Seregil stood up and stretched, still following the young man with his eyes. "He looks like a talker to me. I think I'll nip in for a pint and try to strike up a conversation."
It was a clear, windless night, but cold. Moving restlessly from one cold doorway to another, Alec watched the house, and the half moon sailing slowly over it. It had gained the chimney by the time Seregil reappeared, chuckling to himself and smelling warmly of beer.
"You look pleased with yourself," Alec muttered, shifting his frigid feet.
"I am." Seregil threw his cloak back and presented him with a wooden cup of the Dog and Bell's best lager. "Let's go home. Rythel's unlikely to stir out for another couple of nights yet."
Alec took a grateful swallow of the watery beer as they headed back to the court where they'd left their horses. "Then you did get something out of the grandson?"
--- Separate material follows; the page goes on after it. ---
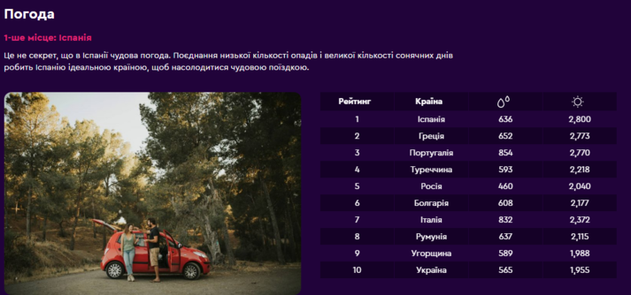 Іспанія посіла першість за категорією «погода». Низька кількість опадів і багато сонячних днів – ось рецепт успіху цієї країни, за нею йдуть Греція, Португалія і Туреччина.

"Our smith appears to be equally disliked by almost everyone who knows him, with the exception of his landlady, who judges her tenants solely by how punctual they are with their rent. Her grandson, young Parin, has had a few run-ins with him around the house. Apparently harsh words were exchanged when Parin entered the smith's rooms unexpectedly one day. "Mind you" "grinning, Seregil mimicked Parin's somewhat slurred complaints—""he was only messin" about with some drawerings. Not like he was tupping nobody or nothin'. Just drawerings, for the love a' hell! He's a queer one, and a miser, for all his high and mighty ways."